Design: Single-center, observational study with a historical control group.

Setting: University-affiliated health system with a comprehensive heart care program that included a 14-bed cardiac surgery ICU. Approximately 400 CABG procedures are performed annually.

Patients: Patients who underwent CABG surgery were eligible for inclusion in the study. The exclusion criteria were as follows: contraindications to statin therapy; refusal to take a statin drug; refusal to give informed consent; and age < 18 years.

Intervention: A protocol was implemented to recommend treatment with a statin drug at hospital discharge in all post-CABG surgery patients if the presurgical LDL-C level was > 100 mg/dL or the patient was receiving a statin prior to hospital admission. The protocol also included a presurgical assessment of lipoprotein levels and hepatic function. All cardiac surgery staff were educated regarding the specifics of the protocol.

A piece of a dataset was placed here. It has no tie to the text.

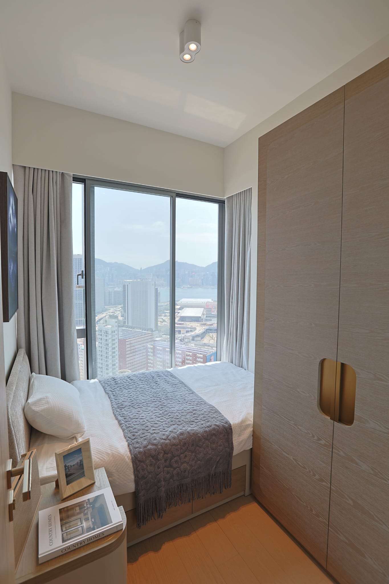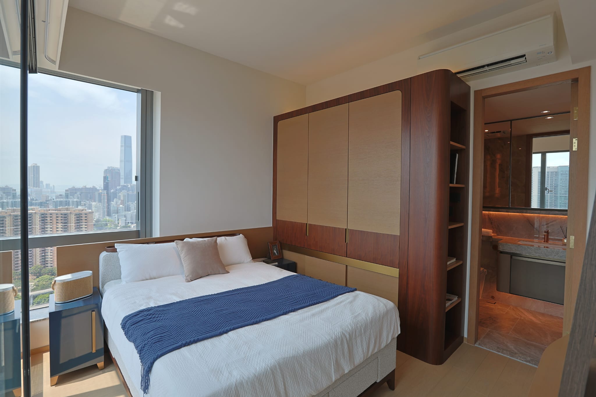 主人套房及睡房主人套房及2間睡房與客廳同向,特大窗戶有利採光,更可以輕鬆欣賞到醉人維港景色;主人套房設有廣角玻璃窗,並外接約16方呎工作平台,在市區中可以同時欣賞維港景觀、東九龍優美海岸及西九龍海景等三邊海景;主人套房空間感十足,並融合了現代感和奢華舒適感。擺放大床後,兩旁仍 然可以放置床頭櫃及三邊落床。另一邊設有特高深啡色拼淺木色衣櫃,精緻金屬把手和內置感應燈光,不僅提供充裕的收納空間,也展現住戶的時尚品 味。房間內的放置了以綻放中的煙花主題掛畫,呼應單位維港煙花盛景設計 靈感的主題。另一間睡房以中性色調結合淺色系木紋傢俱,營造一個溫馨和寧靜的私人空 間;睡房設有衣櫃,雅緻實用,提供了充足的儲物空間。

Results: A total of 403 patients were included in the study. The historical control group (202 subjects) and the intervention group (201 subjects) were similar with respect to gender, age, and baseline lipoprotein levels. The follow-up assessment interval was approximately 6 months in both groups. Overall, patients were more likely to receive a statin at hospital discharge in the intervention group compared to the control group (relative risk [RR], 1.6; 95% confidence interval [CI], 1.3 to 2.0). Attainment of the goal for LDL-C level was similar between the intervention and control groups in the overall sample. Patients who were not at their LDL-C goal at baseline were more likely to have a follow-up LDL-C level of < 100 mg/dL in the intervention group (RR, 1.9; 95% CI, 1.0 to 3.5). The rate of liver function assessment was similar in the control and intervention groups. No patients in either group experienced elevations of alanine aminotransferase levels that were more than three times the upper limit of normal, and no cases of muscle toxicity were noted.

Conclusion: The initiation of therapy with a statin drug at hospital discharge following CABG surgery was associated with increased utilization rates. The LDL-C goal attainment improved in patients who were not at their goal prior to surgery. However, the persistence of medication use declined within 6 months. Statin therapy initiation was well-tolerated in this cohort of patients.